You know when you go to loo and do your business and your poo JUST ISN’T GLITTERY ENOUGH? Don’t you just hate that?!

Well, it’s a hardship that you will no longer have to endure because some genius (lunatic) called Tobias Wong has invented a pill that will give you gold, glittery shit. Yep, you heard us right, for the bargain price of £275, you can now purchase pills filled with 24-karat gold leaf that will literally make your shit glitter. You couldn’t make this stuff up.

But if you thought that was enough to sufficiently shake the pill-producing world into a stunned silence you’d be wrong because there has been a whole plethora of new pills hitting the market this week, ranging from the sublime to the ridiculous.

So here’s that round-up of the best ones that you didn’t know you wanted until now. You’re welcome.

**A pill that makes your farts smell of chocolate **

So a 65-year-old Frenchman called Christian Poincheval has invested a pill that not only eases indigestion but also makes your farts smell like chocolate or roses. Yep. Ok.

On his website, Christian describes how he had the brainwave for the pills – which are made from all natural ingredients and will set you back £7.90 for a batch of 60 – when he was having a dinner party with friends.
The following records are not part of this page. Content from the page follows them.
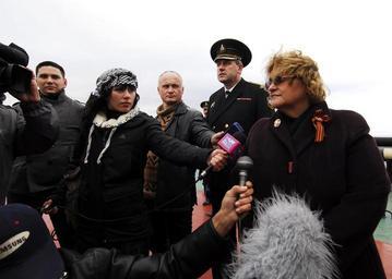 | Keywords: US Navy 100908-N-7638K-167 Sheila Gwaltney speaks to Russian media during an at-sea wreath laying ceremony for Sailors lost during World War II abo.jpg en MURMANSK Russia Sept 8 2010 Sheila Gwaltney the U S consul general to St Petersburg Russia speaks to Russian media during an at-sea wreath laying ceremony for Sailors lost during World War II aboard the liberty ship SS Thomas Donaldson Taylor is in Murmansk to celebrate the close World War II alliance between Russia and the U S and to honor veterans in both countries on the 65th anniversary of the end of World War II Taylor is on a scheduled deployment in the U S 6th Fleet area of responsibility U S Navy photo by Mass Communication Specialist 1st Class Edward Kessler/Released 2010-09-08 100908-N-7638K-167 Navy http //www navy mil/view_image asp id 91461 U S Navy photo by Mass Communication Specialist 1st Class Edward Kessler PD-USGov-Military-Navy Images from US Navy location MURMANSK Russia |
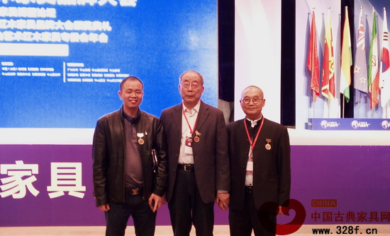 清艺居红木董事长李裕青受邀参加第六届红木家具品牌大会,并与中南林业科技大学博士生导师胡景初(右一)和中国红木家具技术专家曹新民(中)合影
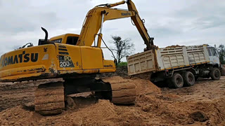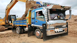 货车装太重了,斗顶不起来,找来挖土机帮忙卸土
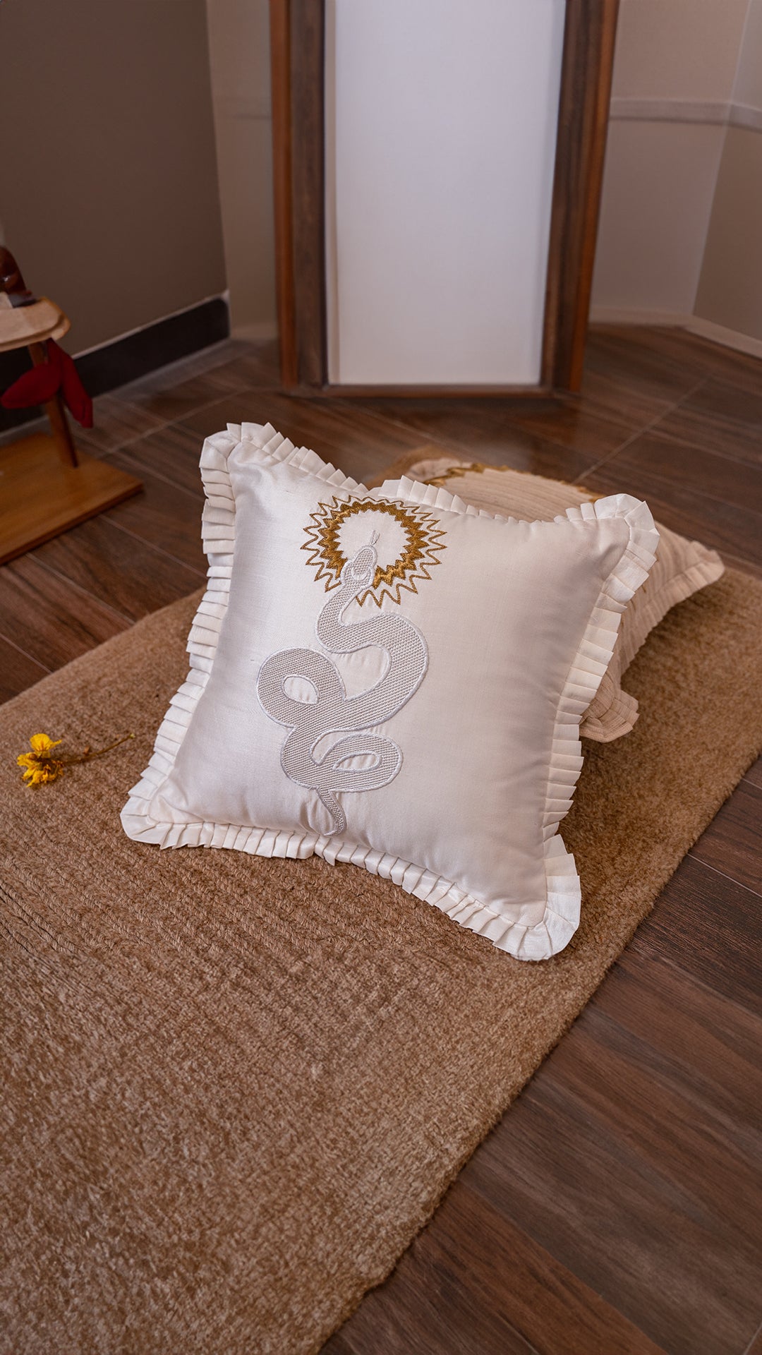 The Sun and the Serpent cushion embodies the ancient dance of power, transformation and enlightenment. The golden Sun represents the ultimate source of life and divine consciousness, while the white serpent, winding its way upward, symbolises ascension, wisdom and the primal life force.

‘We were at the table with friends and after a hearty meal, our farts were so smelly, we nearly suffocated. The winds were not very pleasant for our fellow diners. Something had to be done.’

It’s difficult to argue with his logic.

**READ MORE: A Pill To Make You Go Off Drinking Is Available on Prescription **

**Pills to stop you being a booze hound **

Soon, tens of thousands of people in Britain who drink more than three glasses of wine nightly, will be given a daily pill to reduce their urge to drink. Nalmefene, which costs £3, supposedly reduces the urge to drink and can cut alcohol consumption by as much as two-thirds after six months. Consumers will be eligible for the tablet if they can’t reduce their alcohol intake on their own. Sounds bloody marvellous to us.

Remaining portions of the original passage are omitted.